(Listed records):
..............................

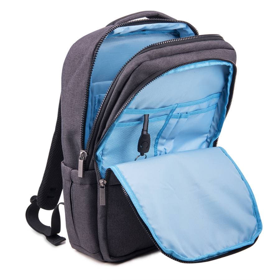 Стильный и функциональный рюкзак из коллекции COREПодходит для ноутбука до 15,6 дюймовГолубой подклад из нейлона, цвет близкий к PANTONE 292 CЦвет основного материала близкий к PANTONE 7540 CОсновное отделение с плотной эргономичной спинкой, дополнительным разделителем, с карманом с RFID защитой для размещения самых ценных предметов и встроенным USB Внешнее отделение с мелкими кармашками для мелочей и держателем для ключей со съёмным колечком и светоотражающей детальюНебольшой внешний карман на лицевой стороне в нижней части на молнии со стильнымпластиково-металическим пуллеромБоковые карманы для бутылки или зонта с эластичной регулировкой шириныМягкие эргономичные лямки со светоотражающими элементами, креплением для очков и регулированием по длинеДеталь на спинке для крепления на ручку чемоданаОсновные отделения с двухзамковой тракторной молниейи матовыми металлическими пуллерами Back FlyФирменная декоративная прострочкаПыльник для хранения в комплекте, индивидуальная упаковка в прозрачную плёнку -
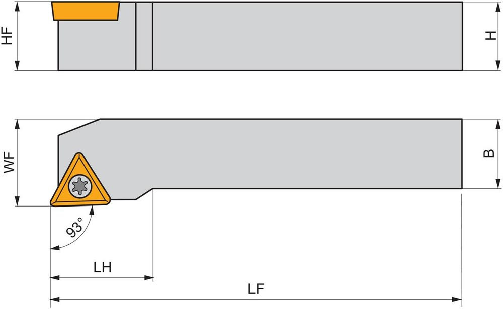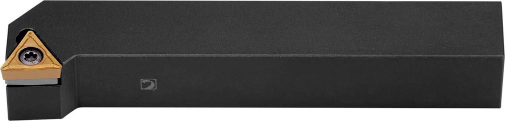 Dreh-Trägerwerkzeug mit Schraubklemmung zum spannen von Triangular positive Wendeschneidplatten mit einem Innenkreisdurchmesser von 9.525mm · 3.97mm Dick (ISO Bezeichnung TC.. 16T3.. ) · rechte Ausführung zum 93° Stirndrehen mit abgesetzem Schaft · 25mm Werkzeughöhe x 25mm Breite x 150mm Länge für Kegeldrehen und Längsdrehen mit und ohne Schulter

..............................

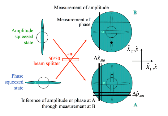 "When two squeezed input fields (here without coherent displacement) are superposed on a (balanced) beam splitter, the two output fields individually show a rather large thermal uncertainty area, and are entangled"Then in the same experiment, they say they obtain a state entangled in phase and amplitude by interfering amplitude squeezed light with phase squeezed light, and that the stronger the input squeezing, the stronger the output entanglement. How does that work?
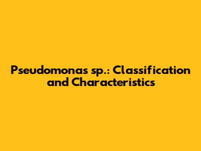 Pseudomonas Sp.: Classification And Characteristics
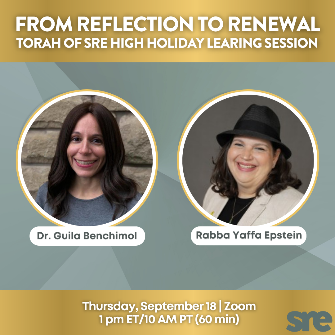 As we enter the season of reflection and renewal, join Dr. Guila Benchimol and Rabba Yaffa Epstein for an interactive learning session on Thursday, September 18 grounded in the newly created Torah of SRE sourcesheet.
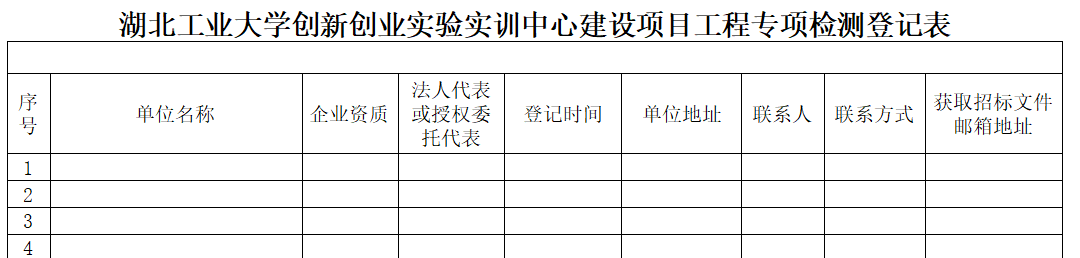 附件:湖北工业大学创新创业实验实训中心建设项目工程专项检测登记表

..............................

(Instructions to follow): Please return the material above only from the line that holds "Стильный и функциональный" through the line that holds "Dreh-Trägerwerkzeug mit Schraubklemmung", exactly as it stands, ends included and pictures omitted.

(Task solution):
 Стильный и функциональный рюкзак из коллекции COREПодходит для ноутбука до 15,6 дюймовГолубой подклад из нейлона, цвет близкий к PANTONE 292 CЦвет основного материала близкий к PANTONE 7540 CОсновное отделение с плотной эргономичной спинкой, дополнительным разделителем, с карманом с RFID защитой для размещения самых ценных предметов и встроенным USB Внешнее отделение с мелкими кармашками для мелочей и держателем для ключей со съёмным колечком и светоотражающей детальюНебольшой внешний карман на лицевой стороне в нижней части на молнии со стильнымпластиково-металическим пуллеромБоковые карманы для бутылки или зонта с эластичной регулировкой шириныМягкие эргономичные лямки со светоотражающими элементами, креплением для очков и регулированием по длинеДеталь на спинке для крепления на ручку чемоданаОсновные отделения с двухзамковой тракторной молниейи матовыми металлическими пуллерами Back FlyФирменная декоративная прострочкаПыльник для хранения в комплекте, индивидуальная упаковка в прозрачную плёнку -
 Dreh-Trägerwerkzeug mit Schraubklemmung zum spannen von Triangular positive Wendeschneidplatten mit einem Innenkreisdurchmesser von 9.525mm · 3.97mm Dick (ISO Bezeichnung TC.. 16T3.. ) · rechte Ausführung zum 93° Stirndrehen mit abgesetzem Schaft · 25mm Werkzeughöhe x 25mm Breite x 150mm Länge für Kegeldrehen und Längsdrehen mit und ohne Schulter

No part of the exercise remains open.